25 juillet 2018 | International, Aérospatial
By: Joe Gould
WASHINGTON ― A small, 2-year-old nonprofit think tank has taken a step that most advocacy organizations never dare try: It has sued the U.S. State Department to derail a $23 billion arms sale to the United Arab Emirates.
In a legal claim announced last month, the New York Center For Foreign Policy Affairs asserted that the Trump administration failed to provide a reasonable explanation for its decision to sell F-35 fighter jets and other weapons to the UAE, which places it in breach of the Administrative Procedure Act. It has asked the U.S. District Court for the District of Columbia to find the sale invalid.
The case is unusual, as is the theory of the case, but so is the Trump administration’s approach to the sale, said Brittany Benowitz, a legal expert on human rights and arms trade.
Such legal challenges rarely succeed, but if this one does, it could halt the deal even if Washington and Abu Dhabi follow through with plans to sign contracts in the waning days of the Trump administration.
“If you can say this deal was executed improperly and the contractor was on notice of that, which they are, then I think you can say it’s possible to stop the sale before delivery,” Benowitz said.
The State Department declined to comment on the pending litigation, in line with its policy.
The new lawsuit against the State Department came after a failed attempt in Congress to block the sale of 50 Lockheed Martin-made F-35 aircraft, 18 General Atomics-made MQ–9B Reaper drones and Raytheon Technologies-made munitions.
The Senate narrowly rejected a challenge to the sale amid arguments from the administration that the sales would make the UAE more interoperable with partners and defend itself from “heightened threats from Iran.”
Opponents said the fast-tracked process was incomplete, leaving questions about the security of U.S. weapons technology, the potential of sparking a Middle Eastern arms race, and the potential for the weapons to be used in Yemen and Libya; these arguments were echoed in the lawsuit.
The State Department came under scrutiny for irregularities in a previous sale. Its inspector general, who was later fired, found that a separate “emergency” sale of $8 billion in precision-guided bombs to Saudi Arabia and the UAE failed to “fully assess” or mitigate the risk of civilian casualties in Yemen.
To boot, Saudi Arabia and the UAE reportedly breached arms sale agreements with the U.S. by transferring American materiel to al-Qaida-linked fighters and other militant factions in Yemen. Lawmakers have also called for an an investigation into reporting that the UAE may have transferred American-made Javelin anti-armor missiles to the Libyan National Army in violation of a United Nations arms embargo.
“What we’re saying is that the State Department rushed this through without congressional oversight, they didn’t follow their own rules and they didn’t apply the same metrics that would guide approval to others,” said Justin Russell, the director of the New York Center For Foreign Policy Affairs.
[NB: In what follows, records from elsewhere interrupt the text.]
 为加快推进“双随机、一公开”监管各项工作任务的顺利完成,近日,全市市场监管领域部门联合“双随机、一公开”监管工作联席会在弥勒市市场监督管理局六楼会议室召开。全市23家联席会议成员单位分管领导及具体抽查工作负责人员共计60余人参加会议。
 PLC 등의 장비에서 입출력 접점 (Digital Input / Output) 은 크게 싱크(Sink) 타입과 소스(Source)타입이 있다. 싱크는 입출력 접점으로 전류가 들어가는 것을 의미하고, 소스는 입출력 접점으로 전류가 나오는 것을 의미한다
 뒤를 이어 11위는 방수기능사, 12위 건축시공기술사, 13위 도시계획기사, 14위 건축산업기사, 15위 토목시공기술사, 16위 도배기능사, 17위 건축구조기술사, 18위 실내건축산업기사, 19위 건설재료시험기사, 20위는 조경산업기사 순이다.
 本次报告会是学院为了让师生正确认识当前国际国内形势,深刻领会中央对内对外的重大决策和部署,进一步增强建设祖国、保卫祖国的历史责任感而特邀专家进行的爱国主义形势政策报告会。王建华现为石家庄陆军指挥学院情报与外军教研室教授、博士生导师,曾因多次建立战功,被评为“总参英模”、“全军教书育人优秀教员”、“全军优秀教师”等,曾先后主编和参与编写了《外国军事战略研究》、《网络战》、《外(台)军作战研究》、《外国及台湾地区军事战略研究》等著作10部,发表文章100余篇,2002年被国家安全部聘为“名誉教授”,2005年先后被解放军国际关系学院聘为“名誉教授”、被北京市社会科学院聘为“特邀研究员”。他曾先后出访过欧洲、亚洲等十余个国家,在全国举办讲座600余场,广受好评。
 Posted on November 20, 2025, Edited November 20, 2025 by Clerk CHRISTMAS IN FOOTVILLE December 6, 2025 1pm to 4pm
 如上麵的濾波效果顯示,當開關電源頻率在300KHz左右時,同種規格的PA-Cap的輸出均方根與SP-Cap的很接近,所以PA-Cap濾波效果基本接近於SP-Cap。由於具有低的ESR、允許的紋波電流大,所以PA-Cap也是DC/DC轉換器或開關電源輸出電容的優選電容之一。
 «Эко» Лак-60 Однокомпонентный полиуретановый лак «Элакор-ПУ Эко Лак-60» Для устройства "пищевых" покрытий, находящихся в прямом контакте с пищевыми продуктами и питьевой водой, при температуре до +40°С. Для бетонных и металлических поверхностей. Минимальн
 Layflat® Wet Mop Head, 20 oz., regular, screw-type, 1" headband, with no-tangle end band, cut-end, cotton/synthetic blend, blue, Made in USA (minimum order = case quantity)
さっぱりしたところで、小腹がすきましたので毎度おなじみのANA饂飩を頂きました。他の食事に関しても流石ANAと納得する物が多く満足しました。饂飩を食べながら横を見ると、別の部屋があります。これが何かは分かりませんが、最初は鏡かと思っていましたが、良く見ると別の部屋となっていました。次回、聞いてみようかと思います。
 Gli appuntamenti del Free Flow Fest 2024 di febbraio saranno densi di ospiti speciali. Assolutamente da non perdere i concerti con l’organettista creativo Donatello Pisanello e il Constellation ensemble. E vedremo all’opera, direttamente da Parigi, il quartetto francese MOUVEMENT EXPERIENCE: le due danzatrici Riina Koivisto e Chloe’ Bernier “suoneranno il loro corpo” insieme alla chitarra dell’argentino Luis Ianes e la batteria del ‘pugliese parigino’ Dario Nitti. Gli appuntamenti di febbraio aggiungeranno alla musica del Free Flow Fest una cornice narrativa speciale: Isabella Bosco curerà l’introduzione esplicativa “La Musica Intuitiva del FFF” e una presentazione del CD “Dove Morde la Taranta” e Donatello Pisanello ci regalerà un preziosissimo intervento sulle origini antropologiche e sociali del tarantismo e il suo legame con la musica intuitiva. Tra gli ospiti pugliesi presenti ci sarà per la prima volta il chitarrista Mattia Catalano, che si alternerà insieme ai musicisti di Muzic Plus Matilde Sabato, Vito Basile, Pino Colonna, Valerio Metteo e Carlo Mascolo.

The organization conducts advocacy and research on the conflicts in Libya and Yemen.
“Congress tried to block [the sale] on the same merits and when that legislation failed, we said, ‘Wait a minute, we’ve got to stand up and do something.’”
The Administrative Procedure Act allows a court to “hold unlawful and set aside any agency action ... found to be in arbitrary, capricious, an abseils of discretion or otherwise not in accordance with the law.”
Here, the lawsuit argues the State Department didn’t find, as required under the Arms Export Control Act, that the sale “will strengthen the security of the United States and promote world peace” ― or present “a reasoned explanation” for its actions as required by the Administrative Procedure Act.
In 2019, the Campaign Against the Arms Trade won a U.K. Court of Appeal ruling to ban new arms sales to Saudi Arabia. The government has since renewed sales, and CAAT applied for judicial review into the legality of the U.K. government’s decision to renew arms sales to Saudi Arabia.
In the U.S., there has not been a successful court case of targeting government-to-government sales in recent years, according to Benowitz. What’s also unusual about the New York Center For Foreign Policy Affairs’ approach is that it doesn’t rely on a human rights argument but rather points to aberrations in the process ― particularly past end-use violations that ought to have have disqualified the UAE, she said.
“There have been court challenges to arms sales in the past on human rights grounds, but this challenge on national security grounds under the Administrative Procedure Act is unprecedented,” she said. “It’s rare because we have never had a record of irregularities like the one we have now.”
By Benowitz’s reckoning, if a finalized deal is invalidated in the courts and it is found that the deal never should have been entered in the first place, its unlikely the U.S. could be penalized financially by the UAE.
“To get a remedy, or damages, under contract law, you have to have ‘clean hands,’ so it would be difficult for the Emiratis to recoup,” she said.